Bu arada çocuk kendine gelmiş ve bilinci açılmış ise ağızdan şeker ve sonrasında ara öğün veya süt verilir.

Eğer glukagon etki etmemiş ise hastanede damardan şekerli serum verilerek kan şekeri normale getirilir.

Glukagonun etkisi 30-60 dak biter.
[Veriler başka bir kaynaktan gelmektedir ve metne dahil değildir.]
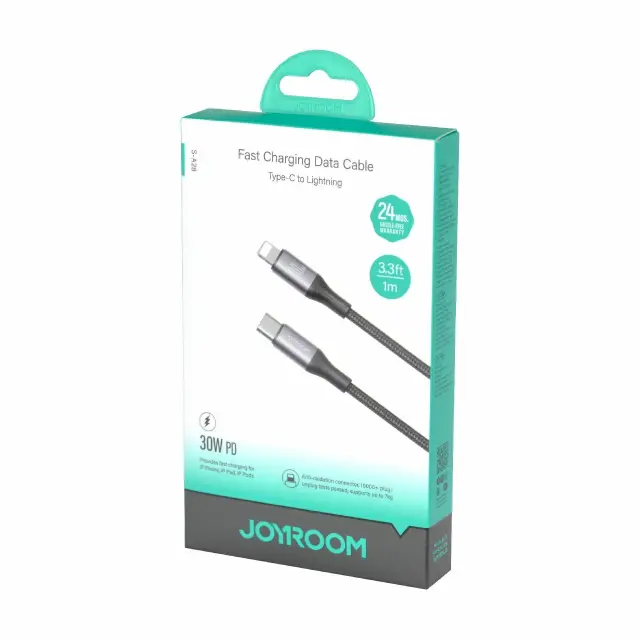 Joyroom S-A28 je 1-meter dolg USB TipC na Lightning kabel, ki omogoča hitro polnjenje z močjo do 30W ter prenos podatkov s hitrostjo do 480 Mb/s. Ima trpežen pleten ovoj, ki nudi večjo odpornost proti obrabi in zapletanju. Zanesljiv za uporabo doma, v pisarni ali na poti.

Sonrasında glukagonun etkisi ile bulantı görülebilir.

Hipoglisemi niçin olur: Diyabetli kişilerde Hipoglisemi insulin, beslenme ve egzersiz arasındaki dengenin değişik nedenlerle bozulması sonucu görülür.
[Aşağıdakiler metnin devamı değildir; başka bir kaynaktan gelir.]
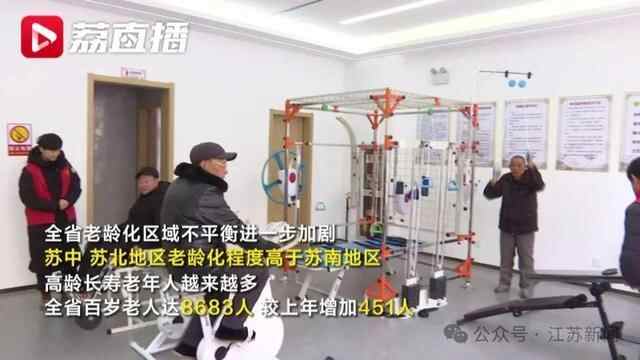人口老龄化程度持续加深的同时,全省老龄化区域不平衡进一步加剧,从常住人口上看,苏中、苏北地区老龄化程度明显高于苏南地区。全省老年人抚养比不断攀升,达27.14%。高龄长寿老年人越来越多,全省百岁老人达8683人,较上年增加451人。与此同时,数据显示,全省老年人口的增长仍以低龄老人为主。

İnsülin fazlalığı (Çocuğa ihtiyacından fazla insülin verilmesi, yanlışlıkla yüksek doz insülin yapılması vs)

Ana veya ara öğünlerin atlanması, geciktirilmesi veya öğündeki yiyeceklerin tamamen tüketilmemesi, kusma veya ishal gibi nedenlerle alınan besinlerin yetersiz kalması

Aşırı aktivite (normal günlük aktivitenin dışında yapılan olağan dışı aktivite veya egzersiz) durumlarında hipoglisemi gelişebilir.

Bacağa enjeksiyon sonrası aşırı egzersiz yapılması.
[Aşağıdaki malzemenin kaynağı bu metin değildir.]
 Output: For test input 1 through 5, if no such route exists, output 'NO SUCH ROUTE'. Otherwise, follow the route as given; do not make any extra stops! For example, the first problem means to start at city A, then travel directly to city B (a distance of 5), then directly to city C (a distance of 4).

Enjeksiyon sonrası sıcak banyo veya sauna.

Hipogliseminin oluşmasını nasıl önleyebiliriz:

Diyabetli bir çocukta zaman zaman hafif dereceli hipoglisemi görülmesi kaçınılmazdır. Ancak aşağıdaki tedbirlere dikkat edilirse hipogliseminin daha az görülmesi ve daha hafif geçmesi mümkündür:

Öğünler zamanında yenmelidir, geciktirilmemeli veya atlanmamalıdır.

Öğünlerde karbonhidratlar mutlaka bitirilmelidir.

İshal ve kusma durumlarında kan şekerine sık sık bakınız ve hipoglisemi var ise ağızdan şekerli sıvılar veriniz ve doktorunuz ile görüşerek insülin dozlarınızı azaltınız.

Olağan dışı ve aşırı aktivitelerden (sportif karşılaşma, yüzme, pikniğe gitme vs) önce kan şekeri ölçülmeli ve kan şekeri düşükse ek bir ara öğün verilmelidir.

Böyle aşırı aktif bir günde egzersiz sonrası ve gece kan şekeri ölçülmeli ve gerekirse ek bir ara öğün verilmelidir.

Beden eğitimi, Jimnastik derslerinden önce ek bir ara öğün almalıdır.

Aşırı aktif geçeceği önceden bilinen bir günde (örneğin pikniğe gitme gibi) insülin dozlarında % 10-20 lik bir azaltılma yapılabilir.

Gece hipoglisemisinin önlenmesi

Yatmadan önce kan şekerine bakılması ve KŞ 110 mg/dl’nin üzerinde olması önerilir. KŞ 110 mg/dl’in altında ise sandviç veya ek ara öğün alınmalıdır.

Akşam yemeğinde kepekli ekmek gibi posa içeren yiyeceklerin yenmesi.